Was that a Dora band aid on the guy's finger? Hahahaha!!!

But seriously, it's a cool idea if you're camping with a trailer or motorhome. But if you're going tent camping, it can be quite a problem to find a socket to plug it in the middle of a forest.


----------



## artmart (Sep 21, 2010)

edwin... you don't bring an extension cord when you camp? 

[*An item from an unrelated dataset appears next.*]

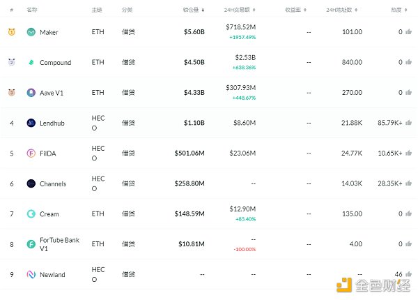 锁仓量排名前十的借贷平台 排名来源:DeFibox
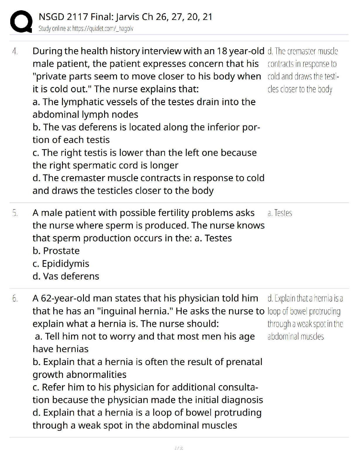 Jarvis Physical Examination and Health Assessment 9th Edition Test Bank by Carolyn Jarvis, Ann L. Eckhardt & Denise T. Tvis - Chapters 20, 21, 26, 27 (NSGD 2117 Final Exam Q&A)

I'm guessing this is intended for campsites with electricity and you have plenty of room in your vehicle to carry this thing. When I camp I try and downsize. This is pretty much out of that intention. Have fun with it, folks!


----------



## edwinjd (Sep 8, 2011)

Artmart: Nope. I usually do tent camping and work doesn't give me the benefit of spending more than just a few days for it.


----------



## larr-bear (Oct 2, 2011)

*im making one for my tent*

every campsite we go to has electricity for tent campers.


----------



## shahmeer (Jan 2, 2022)

I use one from https://backyardmash.com/camping/best-solar-powered-camping-lanterns/ and i love it.


----------



## Happy Joe (10 mo ago)

The bucket light looks like an interesting example of backwoods engineering...

For a more finished appearance;
I tend to "roll my own" DIY.

Here's one that I made up back in the 1980's or 90's for use with Compact fluorescent "bulbs" When more effecient LED bulbs came out the change was an obvious one.









I expect to use a larger tent this year so I made a second version (some of the original parts are no longer available).








for the porch.; using a 350 to 400 lumen 2700K (more comfortable for these old eyes) LED bulb (still 120 volts (to reduce voltage drops on long wire runs).

Every campsite I inhabited since the early 1990s has had (noiseless) electricity ... (also DIY)...
Giving me access to 12 and (with an inverter) 120 volts AC in the tent and using standard 120 volt plugs, outlets and sockets that anyone can deal with.









It can be recharged with solar panels but shady campsites are much preferred (not good for solar)... approximately 11 pounds, 12 Volts, 50 AH, LiFePo4.

Enjoy!


----------